Which is BBL + libfemto (a very minimal libc library) that provides this. Using qemu I’m able to get my own baremetal code working and I’m able to use the provided printf/getchar functions to funnel data to and from my code via the UART.

As for running on actual hardware, the riscv-probe project only has support for SiFive E2 CoreIP Arty A7 FPGA. It seems they didn’t complete the sifive U series for hardware, only qemu simulations only.

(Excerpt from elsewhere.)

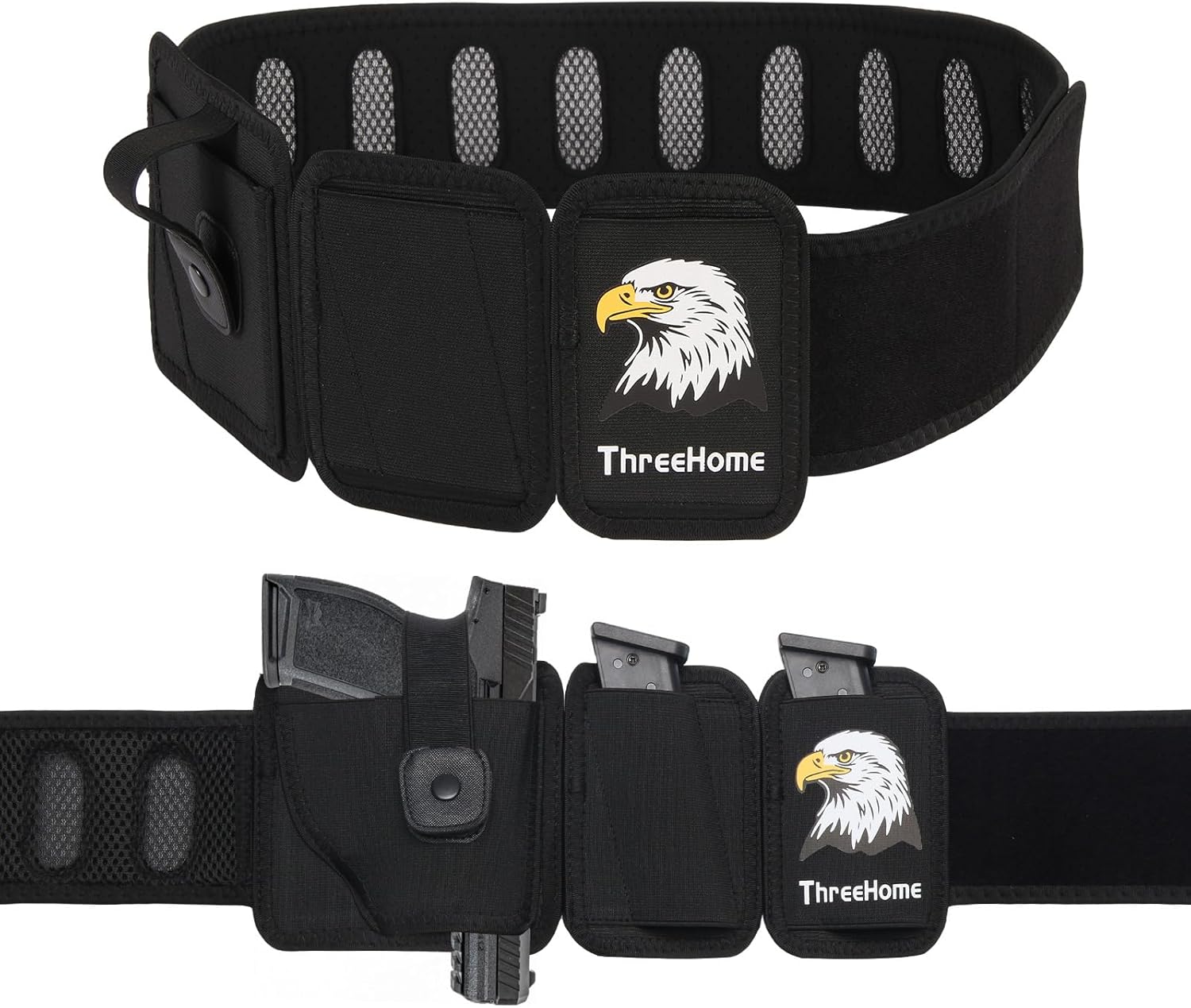 Breathable Belly Band Holster for Carry, Adjustable Elastic Belly Holster for Men & Women, with Two Mag Pouch, Ice Silk Lining, More Vents, Comfortable Holster Belt Fit Glock Taurus Luger

I have been trying to compare the differences between the hardware E2 core and the qemu E2 core folders to try and see if I can adopt the qemu U5 core to work on the actual unleashed board hardware, but I just can’t see to get it working. Looking in the memory layout of the E2 hardware default.lds I see,

flash (rxai!w) : ORIGIN = 0x40400000, LENGTH = 128M
ram (wxa!ri) : ORIGIN = 0x80000000, LENGTH = 64K

I have tried changing it to:
ram (wxa!ri) : ORIGIN = 0x80000000, LENGTH = 128M
flash (rxai!w) : ORIGIN = 0x10000, LENGTH = 64M

but no luck. I’ve also experimented with openSBI, but haven’t been able to get anything other than printf statements working with my compiled payload. Does anyone have any idea on how I could get my code which is working on the qemu simulation of U5 to work on actual hardware? There already is E2 qemu to hardware parity, so I must be missing something very small.